Add to that fear of cyberbullying, fear of exam failure, fear of not getting into the best university or securing that lucrative career, and you have an explosive mix. For some, a fragile, recovering economy holds no promise of sustainable training or employment. And for many more, family breakdown means moving home, losing friends and living with fractured relationships between the people who once committed to love them, and each other, above everything. Is it any wonder that a tsunami of mental and emotional illness is sweeping away the hope of our young people?

Into this seemingly bottomless well of fear, God offers hope.

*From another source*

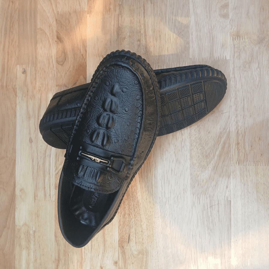 Giày lười da bò dập vân cá sấu là mẫu giày không dây được làm từ da bò thật nhưng có bề mặt được dập vân họa tiết giống da cá sấu, tạo vẻ sang trọng, đẳng cấp hơn so với da trơn thông thường — rất phù hợp cho cả đi làm, đi chơi, hoặc dự sự kiện smart-casual.

The prophet Jeremiah was given a message for his people at one of the darkest times of their nation’s history. The brightest and best of their people had been rounded up and taken off to live in exile in Babylon. A puppet King had been put in place to rule over them, and before leaving their country, the Babylonian king Nebuchadnezzar had plundered their wealth and ransacked their Temple, symbol of God’s relationship with his people. Things couldn’t really get any worse. But God told Jeremiah to say, ‘For I know the plans I have for you … plans to prosper you and not to harm you, plans to give you hope and a future’ (Jeremiah 29:11 NIV).

Through Jeremiah, God offered his people an invitation to worship Him and trust Him as their God. He had plans for them which offered hope not harm, and a future, not fear. And that message is still the same today. Hope is the central message of Christian education and of Christian teachers. Our children and young people don’t need to fear the work of terrorists, or the future state of the economy, or even the outcome of the referendum, because the love of God offers us hope.

Take the words of the Apostle Paul to the Romans into your teaching this week: ‘Now may the God of hope fill you with all joy and peace in believing, that you may abound in hope by the power of the Holy Spirit’ (Romans 15:13 NIV). And may that hope, love and peace flow out into your classrooms so that others can see that you live in hope, not fear.